All of the creatures seemed to be headless now,
similarly confused, and Graves and his men—along with the Tala—were working methodically to dismember them all.
“Ash!” Ami’s voice grated harshly, no music in it, and she pulled the blade from my hand. “Glorianna take you, sit down before you pass out.”
She began sawing at the tendons in the beast’s jaw, cutting the magically animated muscles that gave it strength. Black ichor and my bright red blood fountained over her white and gold gown, no doubt ruining it forever. Ami shouldn’t be covered in gore like this.
“Your dress,” I managed and she threw me a ferocious glare.
“Shut up, you stupid, stupid man. I don’t care about the fucking dress!” The lower jaw fell away and the head, losing its hold, dropped to the floor of the sleigh. The twins shrieked, popping tousled heads—one bright, one dark—from beneath the furry blanket where Ami had indeed been sitting on them. They screamed again when the beast’s remaining eye blinked at them, the upper lip lifting over fangs in a snarl.

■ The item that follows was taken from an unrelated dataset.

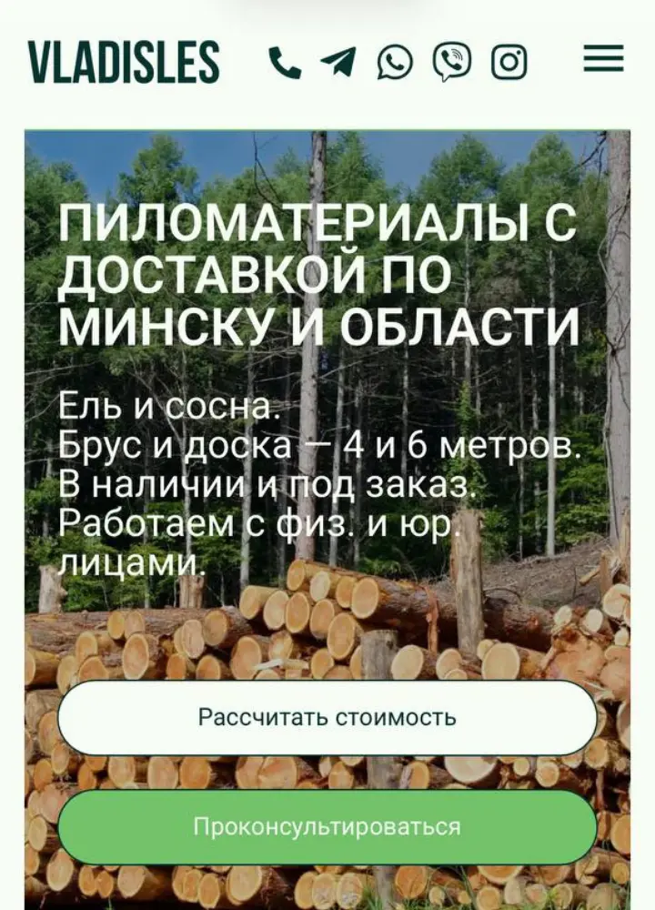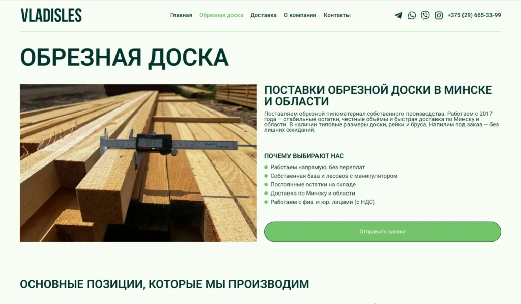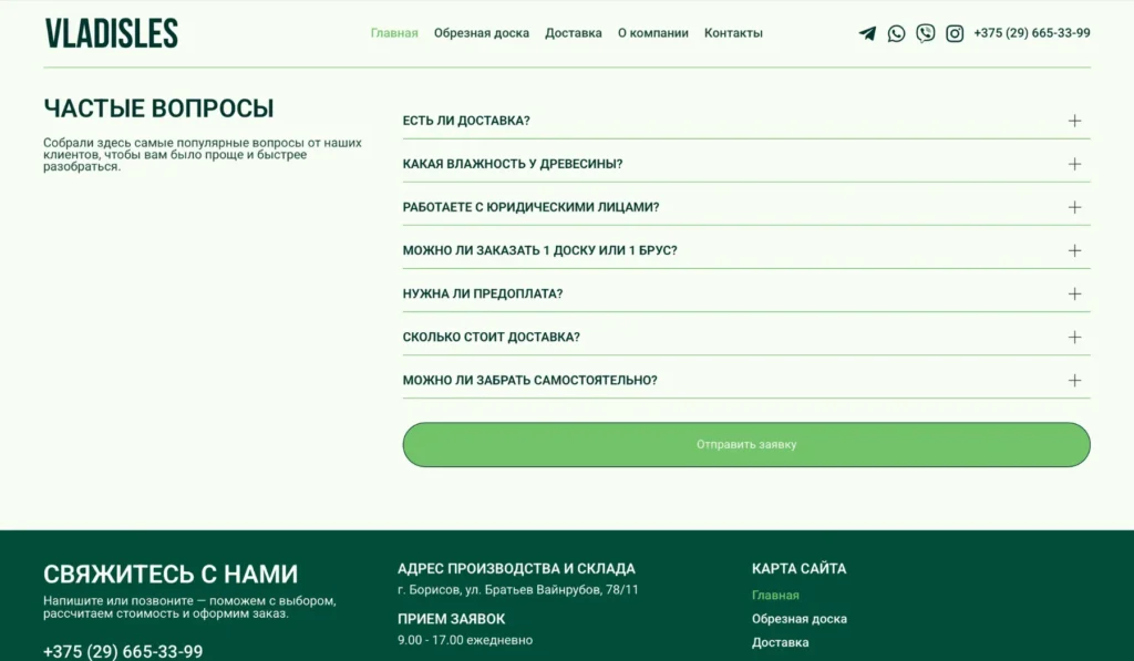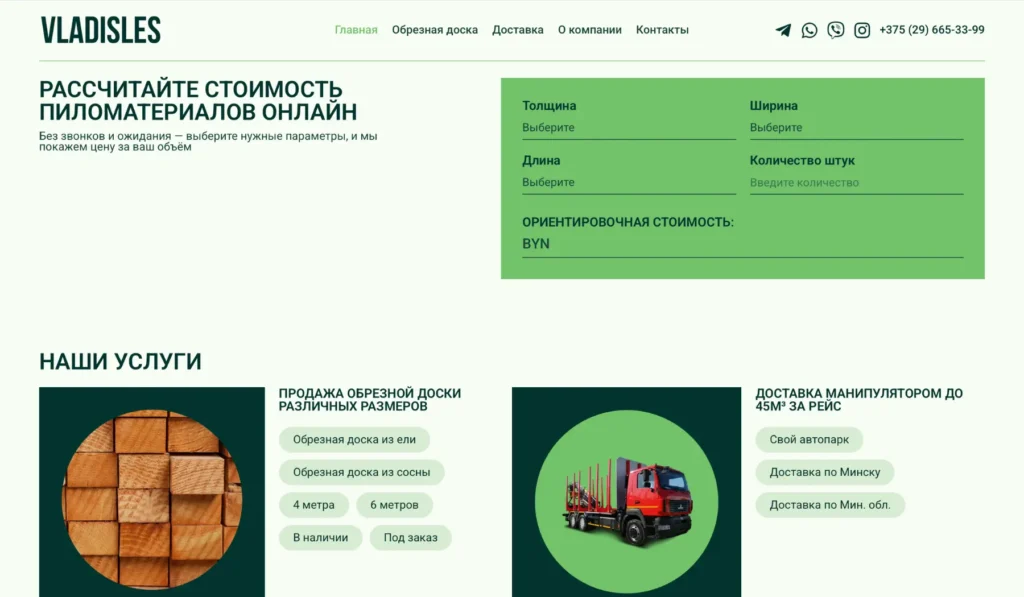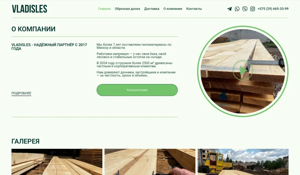 Разработан многостраничный сайт для компании Vladisles, специализирующейся на продаже пиломатериалов. Основной задачей проекта было наглядно рассказать об услугах и упростить взаимодействие пользователя с сайтом. Учтены пожелания заказчика и потребности пользователей:
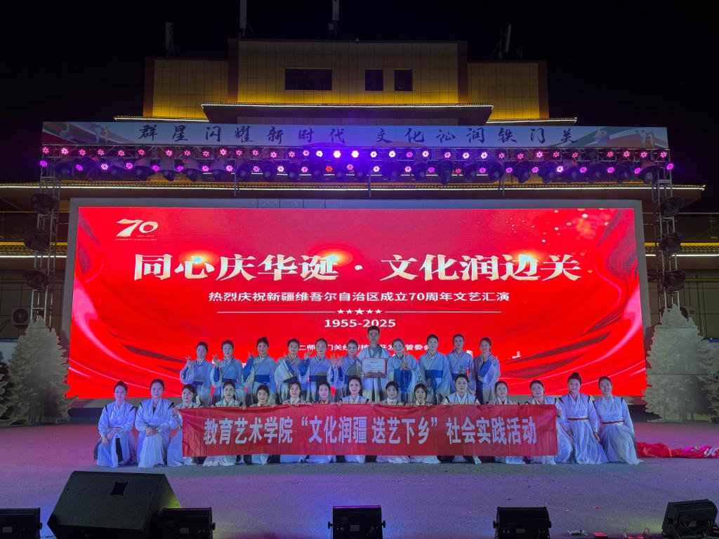 为庆祝新疆维吾尔自治区成立70周年,9月19日,第二师铁门关经济技术开发区管委会主办的“同心庆华诞·文化润边关”文艺汇演在铁门关市丝路香街举行。铁门关职业技术学院教育艺术学院师生艺术团凭借参演节目《寻礼》大放异彩,荣获“心弦拨动奖”。

I grabbed it by the ear with my good hand and flung the head as far away from them as I could. For good measure, I sent the lower jaw after it. As if that sapped the last of my strength, my legs gave out, and I sat heavily.
Ami was cursing me steadily, tearing strips from her gown to bandage my arm. “If you don’t die, I’m going to kill you,” she muttered. Blood and ichor streaked her face, making her look like Glorianna as warrior.
“I’m all right,” I told her. “Don’t worry. I need to—”
“You need to shut up and sit. You’ve already lost too much blood.”
“Are you hurt?” I tried to sit up, suddenly seized with the fear that the blood might not be all mine. “The twins?”
“We are fine,” she bit out. “It’s you who’s hurt, which is thriced inconvenient since you can heal anyone but yourself. Why would you be so contrary? Just to make me crazy, I’m sure.”
I watched her, bemused by her ferocity. The twins had pulled the blanket back over their heads and held on to each other. They’d have bad dreams now. So young for their first nightmares. I’d failed to save them from that.